WHAT IS BEING ASKED — Everything from the line with "- Béret en tricot" to the last line of the listing must be retyped exactly, both ends included, with the pictures dropped.

DATA EXCERPT —
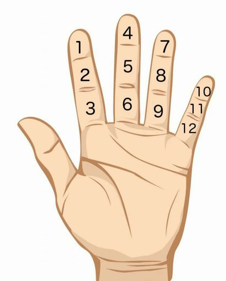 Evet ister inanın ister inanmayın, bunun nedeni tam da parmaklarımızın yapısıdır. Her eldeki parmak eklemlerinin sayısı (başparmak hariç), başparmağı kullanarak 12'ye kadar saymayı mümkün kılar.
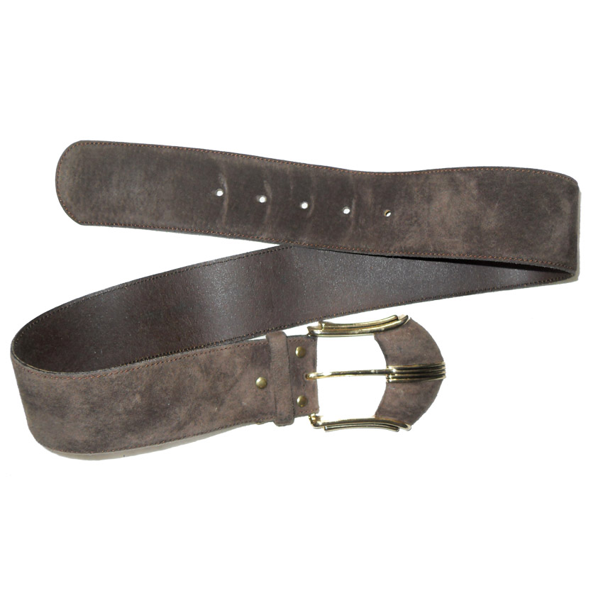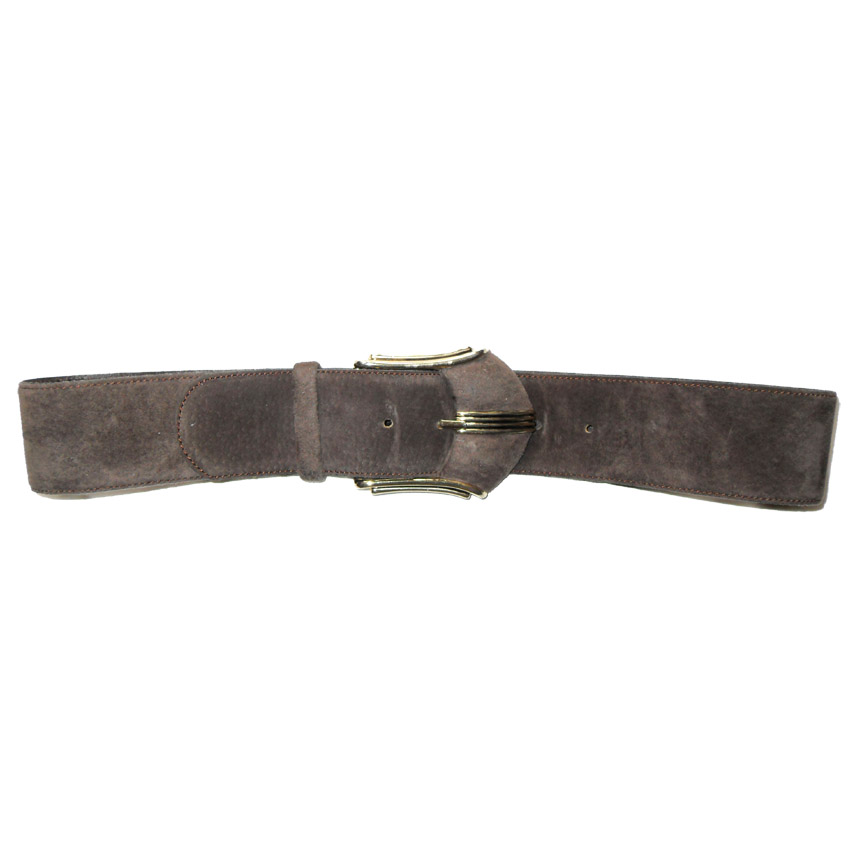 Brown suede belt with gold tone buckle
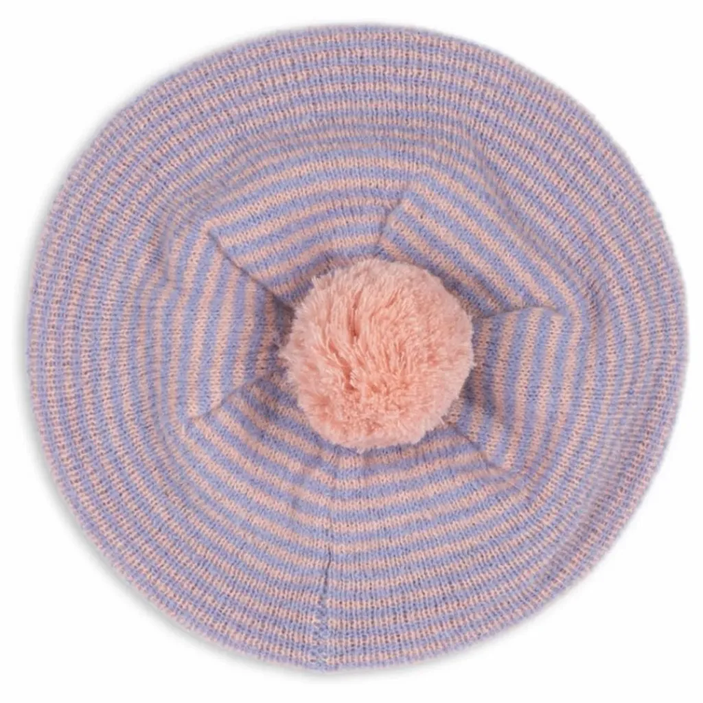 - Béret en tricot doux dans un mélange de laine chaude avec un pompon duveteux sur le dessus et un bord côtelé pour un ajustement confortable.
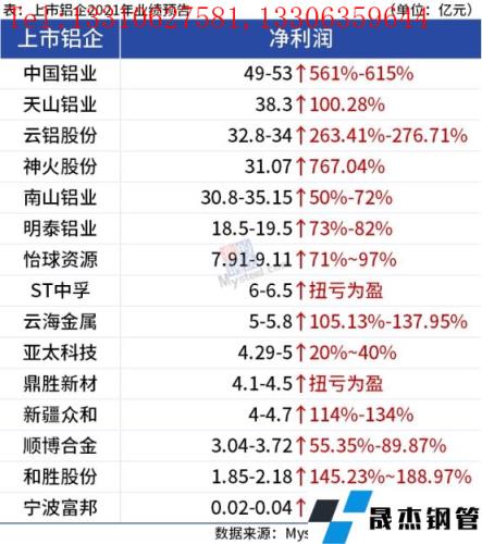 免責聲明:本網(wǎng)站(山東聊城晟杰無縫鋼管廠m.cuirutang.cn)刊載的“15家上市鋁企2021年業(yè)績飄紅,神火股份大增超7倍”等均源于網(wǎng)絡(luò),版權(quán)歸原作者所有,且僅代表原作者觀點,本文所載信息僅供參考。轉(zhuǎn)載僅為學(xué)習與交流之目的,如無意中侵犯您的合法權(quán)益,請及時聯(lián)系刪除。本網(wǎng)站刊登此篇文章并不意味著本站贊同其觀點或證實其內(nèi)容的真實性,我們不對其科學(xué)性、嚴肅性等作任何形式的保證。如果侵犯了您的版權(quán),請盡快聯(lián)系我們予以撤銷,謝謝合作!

ANSWER SECTION —
 - Béret en tricot doux dans un mélange de laine chaude avec un pompon duveteux sur le dessus et un bord côtelé pour un ajustement confortable.
 免責聲明:本網(wǎng)站(山東聊城晟杰無縫鋼管廠m.cuirutang.cn)刊載的“15家上市鋁企2021年業(yè)績飄紅,神火股份大增超7倍”等均源于網(wǎng)絡(luò),版權(quán)歸原作者所有,且僅代表原作者觀點,本文所載信息僅供參考。轉(zhuǎn)載僅為學(xué)習與交流之目的,如無意中侵犯您的合法權(quán)益,請及時聯(lián)系刪除。本網(wǎng)站刊登此篇文章并不意味著本站贊同其觀點或證實其內(nèi)容的真實性,我們不對其科學(xué)性、嚴肅性等作任何形式的保證。如果侵犯了您的版權(quán),請盡快聯(lián)系我們予以撤銷,謝謝合作!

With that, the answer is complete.